First of all we are going to test the performance of the final federated model to impute missing data on a test dataset. To this extent we are going to remove randomly 50% of samples from the test dataset, `data_test`, defined at the beginning of this notebook.

In [21]:
# from the test dataset, we will remove randomly 50% of data
np.random.seed(1234)

perc_miss = 0.5 # 50% of missing data

n = data_test.shape[0] # number of observations
p = data_test.shape[1] # number of features

xmiss = np.copy(data_test)
xmiss_flat = xmiss.flatten()
miss_pattern = np.random.choice(n*p, np.floor(n*p*perc_miss).astype(np.int_),\
                                replace=False)
xmiss_flat[miss_pattern] = np.nan 
xmiss = xmiss_flat.reshape([n,p]) # in xmiss, the missing values are represented by nans

# We save the training dataset with missing values before normalization: we will need it later
data_test_missing = np.copy(xmiss)

In [22]:
xfull = np.copy(data_test)
xfull = (xfull - fed_mean.numpy())/fed_std.numpy()
xmiss = np.copy(data_test_missing)
xmiss = (xmiss - fed_mean.numpy())/fed_std.numpy() #xmiss is normalized wrt global mean and std
mask = np.isfinite(xmiss) # binary mask that indicates which values are missing
xhat_0 = np.copy(xmiss)
xhat_0[np.isnan(xmiss)] = 0
xhat = np.copy(xhat_0) # This will be out imputed data matrix

In [23]:
def miwae_impute_single(encoder,decoder,iota_x,mask,d,L):
    
    p_z = td.Independent(td.Normal(loc=torch.zeros(d),scale=torch.ones(d)),1)
    
    batch_size = iota_x.shape[0]
    out_encoder = encoder(iota_x)
    q_zgivenxobs = td.Independent(td.Normal(loc=out_encoder[..., :d],scale=torch.nn.Softplus()(out_encoder[..., d:(2*d)])),1)

    zgivenx = q_zgivenxobs.rsample([L])
    zgivenx_flat = zgivenx.reshape([L*batch_size,d])

    out_decoder = decoder(zgivenx_flat)
    all_means_obs_model = out_decoder[..., :p]
    all_scales_obs_model = torch.nn.Softplus()(out_decoder[..., p:(2*p)]) + 0.001
    all_degfreedom_obs_model = torch.nn.Softplus()(out_decoder[..., (2*p):(3*p)]) + 3

    data_flat = torch.Tensor.repeat(iota_x,[L,1]).reshape([-1,1])
    tiledmask = torch.Tensor.repeat(mask,[L,1])

    all_log_pxgivenz_flat = torch.distributions.StudentT(loc=all_means_obs_model.reshape([-1,1]),scale=all_scales_obs_model.reshape([-1,1]),df=all_degfreedom_obs_model.reshape([-1,1])).log_prob(data_flat)
    all_log_pxgivenz = all_log_pxgivenz_flat.reshape([L*batch_size,p])
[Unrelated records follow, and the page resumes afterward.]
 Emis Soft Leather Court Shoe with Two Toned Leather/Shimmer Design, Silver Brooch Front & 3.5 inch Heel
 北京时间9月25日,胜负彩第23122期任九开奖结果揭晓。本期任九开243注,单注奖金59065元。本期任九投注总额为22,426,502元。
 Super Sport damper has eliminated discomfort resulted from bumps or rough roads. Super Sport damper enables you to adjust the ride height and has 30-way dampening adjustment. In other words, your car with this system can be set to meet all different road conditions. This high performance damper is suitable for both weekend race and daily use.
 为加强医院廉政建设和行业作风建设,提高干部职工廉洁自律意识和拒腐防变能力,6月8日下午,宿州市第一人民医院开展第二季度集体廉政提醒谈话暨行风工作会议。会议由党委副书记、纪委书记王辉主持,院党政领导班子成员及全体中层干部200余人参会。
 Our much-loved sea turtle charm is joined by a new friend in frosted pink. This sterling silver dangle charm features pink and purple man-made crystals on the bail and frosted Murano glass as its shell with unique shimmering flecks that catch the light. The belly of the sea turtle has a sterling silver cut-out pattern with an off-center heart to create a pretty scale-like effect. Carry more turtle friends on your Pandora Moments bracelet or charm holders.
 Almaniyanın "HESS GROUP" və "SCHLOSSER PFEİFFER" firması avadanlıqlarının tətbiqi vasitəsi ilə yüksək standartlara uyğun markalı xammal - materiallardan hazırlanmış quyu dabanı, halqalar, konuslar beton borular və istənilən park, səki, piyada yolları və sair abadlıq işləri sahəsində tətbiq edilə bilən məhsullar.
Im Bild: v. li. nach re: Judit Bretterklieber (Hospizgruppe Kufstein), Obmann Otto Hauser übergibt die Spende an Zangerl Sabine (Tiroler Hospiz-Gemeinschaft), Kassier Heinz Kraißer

    logpxobsgivenz = torch.sum(all_log_pxgivenz*tiledmask,1).reshape([L,batch_size])
    logpz = p_z.log_prob(zgivenx)
    logq = q_zgivenxobs.log_prob(zgivenx)
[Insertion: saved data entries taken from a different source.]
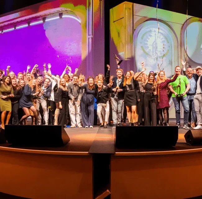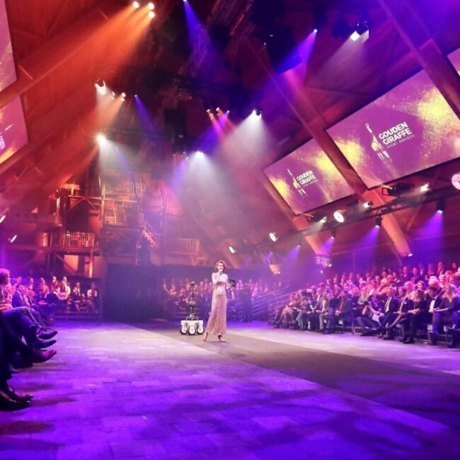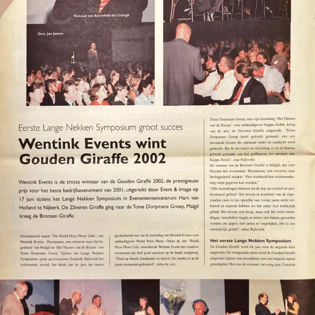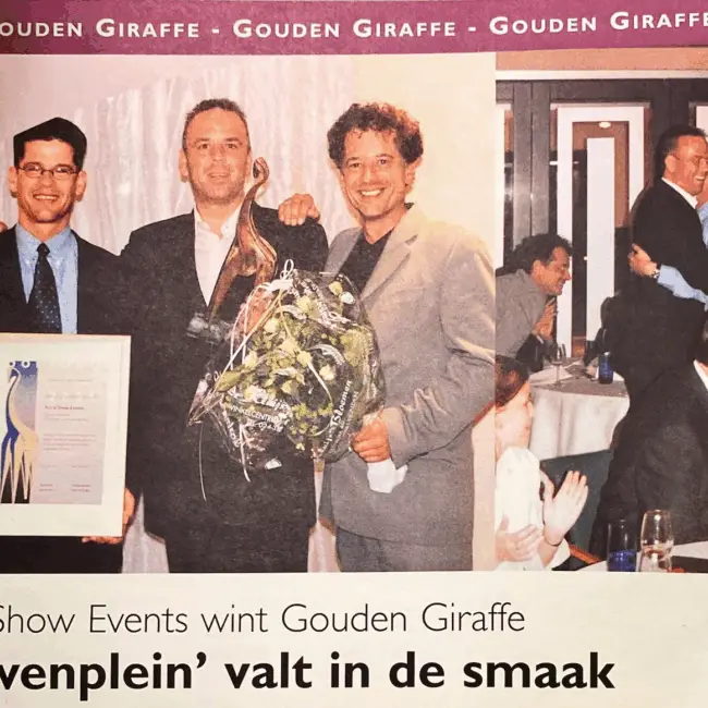 Laten we beginnen met de nieuwe Gouden Giraffe voor het bijzondere evenement. Die gaat tijdens de uitreiking in de Efteling naar Theo Events Artists Catering vanwege het openingsevenement voor Cultuur Onder Dak Apeldoorn (CODA). En vanaf nu dus twee Gouden, Zilveren en Bronzen Giraffen. In de categorie Zakelijk gaan deze naar B&S*) Leads voor de ‘Duyvis Pastrelli Relli’ en in de categorie Vermakelijk naar Toine Dorpmans Groep voor Coca-Cola in beweging. De Zilveren Giraffen zijn voor Bureau van Harten die de ‘Grand Opening’ verzorgde van het kantoor van Sanoma Uitgevers (categorie Zakelijk) en COR Events die voor Rabobank Almere het ‘Open vizier naar de toekomst’ organiseerde (categorie Vermakelijk). De Bronzen Giraffe Zakelijk is voor Robert J. Reinders Architecten van Applaus met ‘100 jaar mensenwerk’ voor Vos Groep Oldenzaal. Marc van Laere Producties in samenwerking met Make in Mind maakt het podium compleet met de Bronzen Giraffe Vermakelijk met ‘Brake Event - Partnership more than only brakes’ voor All Brake Systems.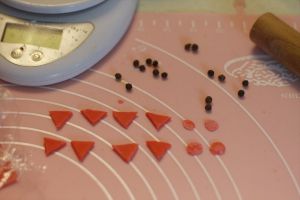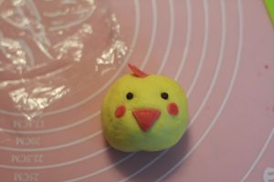 50g面粉加25g水,5滴红色食用色素,揉匀,擀开,切出鸡嘴,腮红,鸡冠。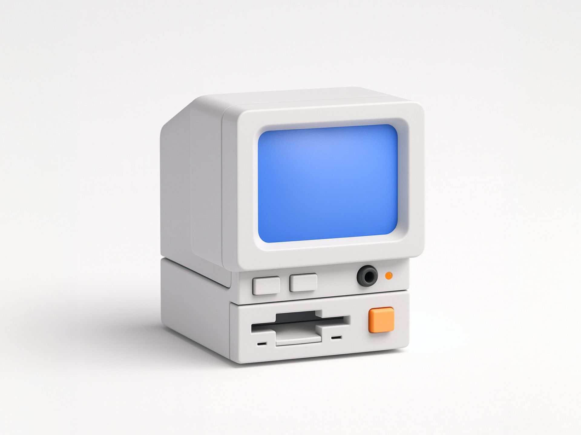A small, minimalist 3D render of a retro desktop computer inspired by 1980s designs, featuring a compact CRT-style monitor with a soft glowing blue screen. The computer has a simple, geometric, toy-like form with smooth white plastic casing and rounded edges. Below the screen is a floppy disk slot, a few small buttons, and one orange accent button. The design is clean, modern, and symmetrical. The background is a plain, soft white or light gray studio backdrop with diffused lighting. The style is photorealistic yet stylized, evoking high-end product renders and Apple-like simplicity. No text, no logos, no cables. Rendered with soft global illumination, subtle reflections, and smooth shadow gradients.Wrapping Up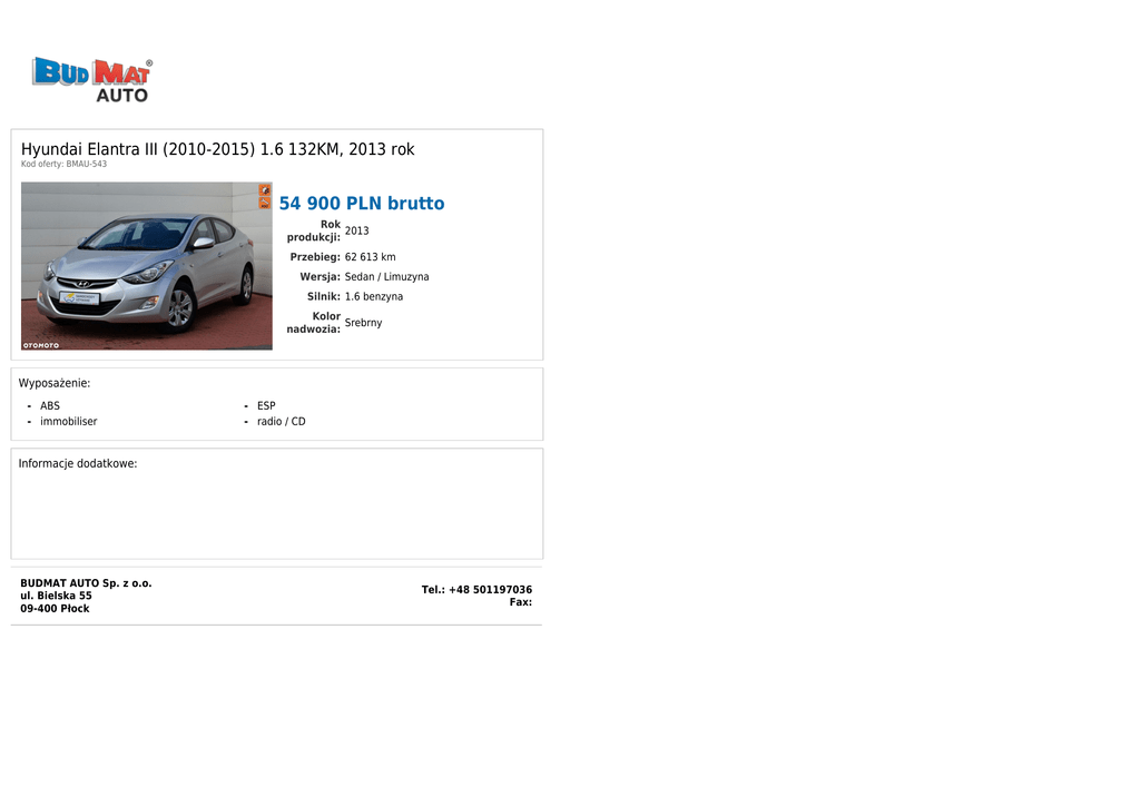 Hyundai Elantra III (2010-2015) 1.6 132KM, 2013 rok Kod oferty: BMAU-543 54 900 PLN brutto Rok 2013 produkcji: Przebieg: 62 613 km Wersja: Sedan / Limuzyna Silnik: 1.6 benzyna Kolor Srebrny nadwozia: Wyposażenie: - ABS - immobiliser - ESP - radio / CD Informacje dodatkowe: BUDMAT AUTO Sp. z o.o. ul. Bielska 55 09-400 Płock Tel.: +48 501197036 Fax:

    xgivenz = td.Independent(td.StudentT(loc=all_means_obs_model, scale=all_scales_obs_model, df=all_degfreedom_obs_model),1)

    imp_weights = torch.nn.functional.softmax(logpxobsgivenz + logpz - logq,0) # these are w_1,....,w_L for all observations in the batch
    xms = xgivenz.mean.reshape([L,batch_size,p])  # that's the only line that changed!
    xm=torch.einsum('ki,kij->ij', imp_weights, xms) 

    return xm

As well as the MSE function:

In [24]:
def mse(xhat,xtrue,mask): # MSE function for imputations
    xhat = np.array(xhat)
    xtrue = np.array(xtrue)
    return np.mean(np.power(xhat-xtrue,2)[~mask])

We instantiate the model using last updated federated parameters:

In [25]:
# extract federated model into PyTorch framework
model = exp.model_instance()
model.load_state_dict(exp.aggregated_params()[rounds - 1]['params'])

encoder = model.encoder
decoder = model.decoder

Same for model obtained with FedProx (and federated standardization)

In [26]:
model_fedprox = exp_fedprox.model_instance()
model_fedprox.load_state_dict(exp_fedprox.aggregated_params()[rounds - 1]['params'])

encoder_fedprox = model_fedprox.encoder
decoder_fedprox = model_fedprox.decoder

In [27]:
model_fedprox_std_local = exp_fedprox_std_local.model_instance()
model_fedprox_std_local.load_state_dict(exp_fedprox_std_local.aggregated_params()[rounds - 1]['params'])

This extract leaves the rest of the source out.